Two nights ago we got an email. Several emails, actually, one of them directly from the signatories, the others forwarded by friends.

We had a debate with ourself before passing it on. Of course we can't vouch for the veracity of all the contents, but we've met, chatted often with, and like Kavita, one of the signatories. And we can vouch for the very different treatment of the Brits as compared to the Indians, having seen it first hand. Don't take our word for it; it was also written about in the media.

And hey, you're all adults, so sift the evidence and make up your own minds. We finally decided that this view should get its day in court.
We, the organisers of Kitab 2007, write to you in order to inform of the unprofessional practices of our employer, the owner of Liberatum, organizer of Kitab, Pablo Ganguli. We write to register our protest against his actions, to demand that he resolve his outstanding dues, and to urge you to all to consider these factors before lending support to Kitab 2008.

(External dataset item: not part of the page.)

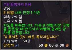 - 구렁 탐험가의 은혜는 고유 아이템이므로, 한개를 가방에 가지고 있는 상태에서 하나가 더 나오면 획득이 불가하므로, 가방에 있는걸 사용한 후에, 다시 루팅하면 획득 할 수 있습니다.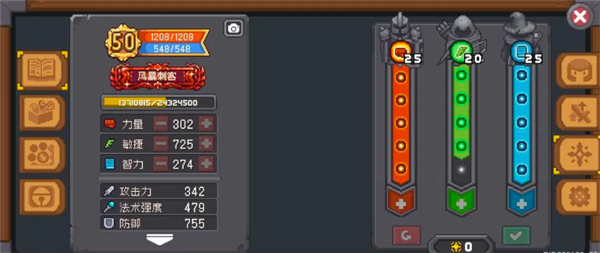 2。在属性上加一些点推荐玩家的主智力,副强度不需要增加太多,保证玩家不会被怪物杀死。

Some of our main concerns are listed below

1. Kitab 2008 is poised to take place next week, yet we are still owed thousands of pounds in salary and expenses from the last event. We have been communicating with Pablo for the past 12 months, requesting our full salaries, to no avail. We also paid for expenses out of our pocket, and to date have not received all this money back.

2. In emails and draft programmes sent to staff, invitees, and potential sponsors, Pablo was misleading about those participating in the festival. This indirectly compromised the integrity of those working on the project, who passed on false information to potential guests and sponsors.

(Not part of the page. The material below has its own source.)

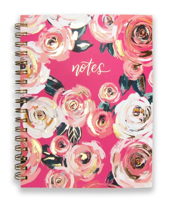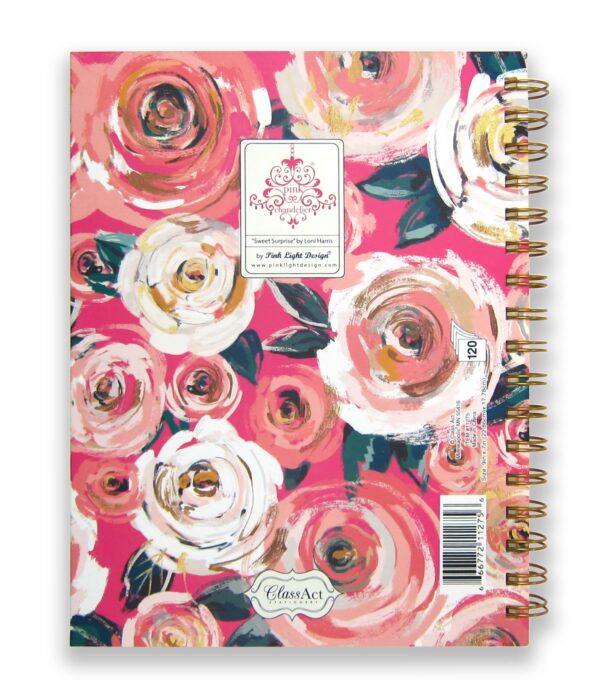 Class Act Stationery 3-Subject Spiral Notebook (9″x7″). 120 lined sheets. “Sweet Surprise” design collection by Pink Light Design has durable covers with gold foil and a gold twin-wire spiral. Sturdy poly dividers with tabs are secured within the pages to create three separate sections. This beautiful notebook fits easily into most bags and purses. Attractive addition to compliment your home or office. Perfect for notes, to-do lists, personal diary, and more.

3. The bias that he showed towards the British guests over the Indian guests made it difficult for us to hold an inclusive and relevant festival, and to give all our participants the respect they deserved. British guests were given top priority for all VIP events. Indian guests who were not already based in Bombay were discouraged from being invited. Transport and accommodation was offered to guests from the UK, whereas guests flying in from other parts of India were not offered the same facilities. This bias was also noted and pointed out by many of the invitees and participants.

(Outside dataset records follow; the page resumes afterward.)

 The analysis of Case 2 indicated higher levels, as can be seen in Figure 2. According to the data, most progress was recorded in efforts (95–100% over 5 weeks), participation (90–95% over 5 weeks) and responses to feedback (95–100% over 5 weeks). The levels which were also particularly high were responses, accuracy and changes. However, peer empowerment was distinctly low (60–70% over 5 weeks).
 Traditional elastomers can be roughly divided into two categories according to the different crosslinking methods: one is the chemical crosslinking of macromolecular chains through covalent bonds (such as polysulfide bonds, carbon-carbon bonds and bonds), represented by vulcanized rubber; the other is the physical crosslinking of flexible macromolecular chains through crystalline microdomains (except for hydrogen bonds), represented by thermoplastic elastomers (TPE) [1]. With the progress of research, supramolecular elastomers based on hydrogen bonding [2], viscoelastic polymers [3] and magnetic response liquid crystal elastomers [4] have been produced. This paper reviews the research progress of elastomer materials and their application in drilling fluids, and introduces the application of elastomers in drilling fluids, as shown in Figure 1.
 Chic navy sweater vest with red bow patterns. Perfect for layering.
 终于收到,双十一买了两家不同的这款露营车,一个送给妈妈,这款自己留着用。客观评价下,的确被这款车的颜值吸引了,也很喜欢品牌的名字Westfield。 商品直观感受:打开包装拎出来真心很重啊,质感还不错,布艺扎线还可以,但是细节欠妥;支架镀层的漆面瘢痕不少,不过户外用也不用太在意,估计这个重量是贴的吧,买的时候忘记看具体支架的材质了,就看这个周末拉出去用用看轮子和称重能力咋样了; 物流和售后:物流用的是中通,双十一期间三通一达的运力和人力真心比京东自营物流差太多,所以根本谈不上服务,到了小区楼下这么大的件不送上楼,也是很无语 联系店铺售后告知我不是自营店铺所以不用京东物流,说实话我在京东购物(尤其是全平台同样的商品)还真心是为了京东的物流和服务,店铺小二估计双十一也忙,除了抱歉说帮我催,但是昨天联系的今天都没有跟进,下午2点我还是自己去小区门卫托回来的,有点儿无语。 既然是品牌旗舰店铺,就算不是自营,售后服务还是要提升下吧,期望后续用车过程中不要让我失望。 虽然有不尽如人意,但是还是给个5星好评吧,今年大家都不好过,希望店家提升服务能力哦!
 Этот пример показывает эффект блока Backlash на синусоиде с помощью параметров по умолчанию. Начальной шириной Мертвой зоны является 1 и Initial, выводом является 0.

4. Pablo's frequent unavailability, both physical and via telephone, notably in the week preceding the festival, during the event itself, and afterwards. A refusal to take responsibility for problems often left us to pick up the pieces. An example of this being taking a holiday in Goa immediately after the festival without informing any of the staff. We were left to make outstanding payments out of our own pockets, as Pablo's reassigning of allocated funds without consultation led to sponsorship money falling short.

5. Overt emphasis on self PR over interest in the content, ideology or logistics of the festival. Evidenced further by the fact that Pablo Ganguli referred to himself as a Cultural Impressario in the media and gave the impression that the festival was a one man show. The disproportionate emphasis on PR hindered the progress of an already severely understaffed team by not allowing staff to work as a team.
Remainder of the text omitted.